Si bien los Números Reproductivos R0 y Re son sólo aproximaciones a la realidad, lo que muestran es que la Argentina está en en una etapa inicial de avance de esta epidemia, y que además, el virus se está diseminando en provincias y regiones que venían estando bastante preservadas hasta ahora.

Este fenómeno es similar al que ocurrió por ejemplo en USA, donde migró desde la costa Este hacia la costa Oeste y hacia el Sur, o en Italia, donde comenzó en la Lombardía (en el Norte), para luego irse trasladando hasta llegar a Campania y Sicilia (en el Sur).

Un aspecto preocupante es que en general, el Norte de Argentina dispone de mucho menos recursos sanitarios que la zona central, y existen allí centros poblados de alta densidad demográfica, como es  particularmente el caso de Tucumán.

Por otro lado y tal como intenté explicar en anteriores artículos, no es de esperar que la curva de reducción muestre una mayor tasa de variación que la de propagación: siguiendo la curva logística ya descripta, aún cuando el Re pase a valores menores a 1, tenemos un largo tiempo por delante de convivencia con la enfermedad Covid-19 (por lo menos igual al ya transcurrido), mientras no aparezca una vacuna efectiva que se aplique a la mayor parte o a toda la población de nuestro país.

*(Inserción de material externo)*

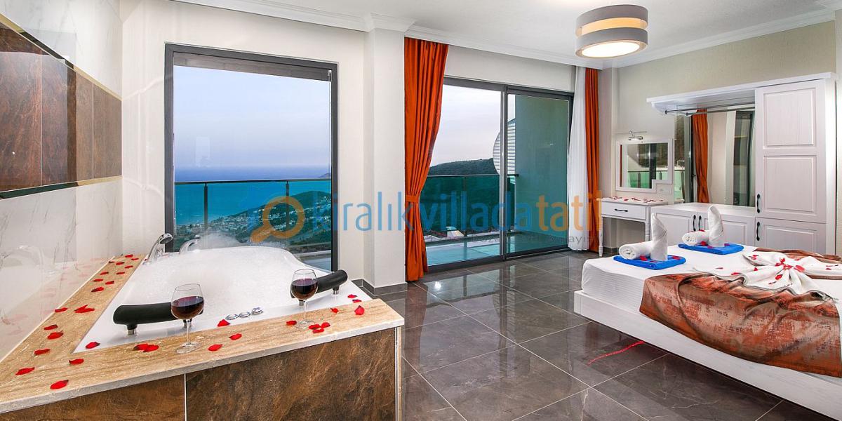 Villada yer alan iki yatak odasında da çift kişilik yatak, özel banyo ve WC bulunmaktadır. Yatak odalarından birinde bulunan jakuzi, özellikle romantik bir tatil planlayan misafirler için keyifli bir detay sunar. Günün yorgunluğunu manzara eşliğinde atmak isteyenler için villa, konforu ve mahremiyeti bir arada sunan ideal bir yaşam alanı oluşturur.

Como aspecto positivo, las relativamente bajas tasas de letalidad y/o la severidad de la enfermedad causada por el virus circulante podría indicar que la carga viral aquí es menor, o que se trata de una cepa más “benigna” en cuanto a sus efectos sobre las personas infectadas.

Para finalizar, resulta obvia la necesidad de reforzar la adecuación del comportamiento social a esta amenaza, aspecto este que no depende sólo del accionar de las autoridades de gobierno o de los agentes sanitarios, sino del de la población en su conjunto.